"People are more comfortable trading the Australian domestic story with the event risk from China and Crimea backing away a little bit," said Sam Tuck, senior FX strategist at ANZ Bank New Zealand in Auckland.
"The better US data is a long-term reason for the US dollar to appreciate, but in an environment of fear they got people more optimistic and willing to invest in carry trade" which helped support the kiwi dollar, he said.
Traders are looking to the Federal Open Market Committee meeting on Wednesday in Washington, when US policymakers are expected to cut monthly bond-buying to stimulate the economy by a further US$10 billion a month to US$55 billion.

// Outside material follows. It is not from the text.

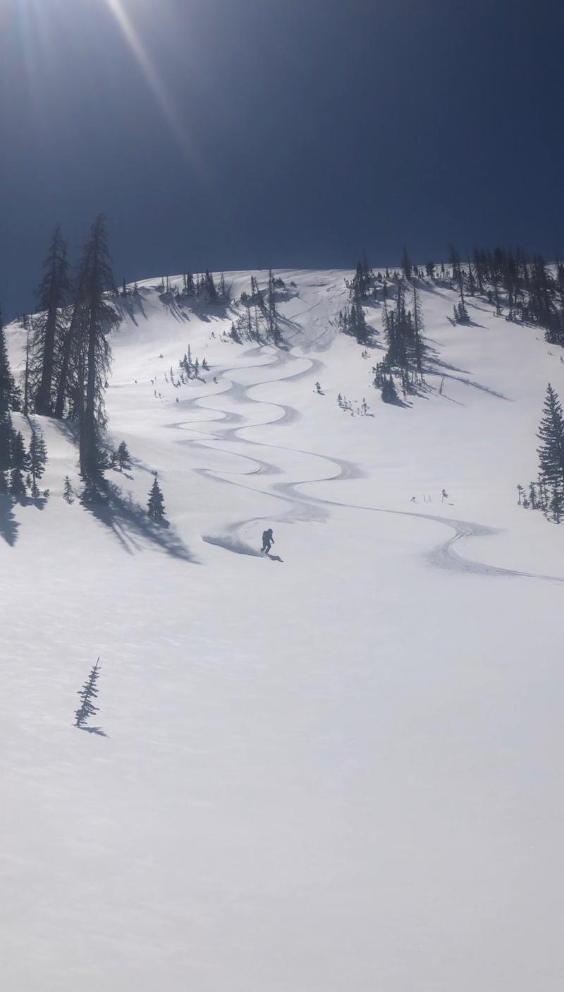 MODERATE avalanche danger is found on the leeward side of upper elevation ridges in the wind zone where a rogue wind drift or two may still react to our additional weight and human triggered avalanches are POSSIBLE. While not particularly widespread and trending on the pockety side, today's avalanches may still catch you off guard. So... if you're getting after it and onto sustained steep slopes or tagging big, committing, complex terrain, take a minute and think about the consequences of triggering even a small avalanche that can knock you off your feet, board, or sled and throw a curve ball at a stunning day. Wind sheltered slopes offer generally LOW avalanche danger and that means human triggered avalanches are UNLIKELY.

New Zealand's current account deficit for the last three months of last year are due tomorrow and narrowed to $1.41 billion from $4.78 billion in the September quarter, according to a Reuters survey of economists.
ANZ's Tuck said the data won't weigh on the kiwi dollar, nor will fourth-quarter gross domestic product figures the following day, which will likely show quarterly economic growth of about 0.9 percent.
GDP is "not expected to detract to the strength of the domestic story, and it's already priced into the currency," Tuck said.
The kiwi rose to 51.45 British pence at 5pm in Wellington from 51.28 pence yesterday ahead of UK employment figures and the government budget this week.
The local currency gained to 87.16 yen from 86.62 yen yesterday, and traded at 61.44 euro cents from 61.35 cents. It declined to 94.22 Australian cents from 94.43 cents yesterday.